Atsuko went to hug Tokita from behind again. “That’s exactly what a genius would say.”

They remained in that pose for some time, until Atsuko could feel Tokita’s body stiffen with tension through her breasts. He obviously wanted to say something but couldn’t find the words to express it.

“What is it?” asked Atsuko.

“Well … You remember when I was just an assistant, when we were developing these things, and you came into my dream? And I thought, well, it’s just a dream after all, so I could easily, you know, make love to you?”

Atsuko laughed. “I remember. But you only thought it, didn’t you.”

“I’ve often had that dream since then.”

“And do you make love to me every time?”

“I can’t. Even though I know it’s a dream, I just can’t. What’s it called? That kind of resistance. ‘Reason within a dream,’ wasn’t it?”

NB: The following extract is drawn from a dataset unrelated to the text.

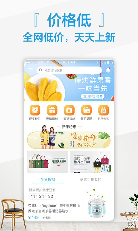 小鱼优品app将为您选择高成本,高品质的产品,包括中国银行的正品,质量保证,全网低廉的价格,独家折扣以及热销的特殊产品等着您,小鱼优品下载安装之后可以以超低的价格购买高品质的商品,还有更多的团体活动等着您参加,有那么多好东西等着您来发现,还有各种各样供您选择的高质量产品,各种高质量的单一产品,为了满足您的所有购物需求,致力于为用户提供高质量的购物体验,有需要的用户欢迎来yn下载站下载使用。

“No. ‘Reason within a dream’ means thinking you can do something just because it’s a dream. The inhibition that prevents you from doing it is what I call ‘
dreason
’ – dream reason.”

“Do you think it’s because I love you?”

Atsuko embraced Tokita so firmly that her arms sank into the soft flesh of his belly. “Yes. So why don’t you just come out and say it? Say you love me!”

“I can’t. Whenever I try, all I can think of is Beauty and the Beast. Like earlier today.”

“Well, we know each other’s feelings. We don’t have to say anything. But if we did say it, would it have to come from me? It could, if you liked. On a rational level I want to deny you, despise you for your obesity, your lack of self-control. And your face is no oil painting. I often think that, if we were to marry, the incongruity of our looks would be just too awful. But I love you so much I can’t help it. You know that, don’t you?”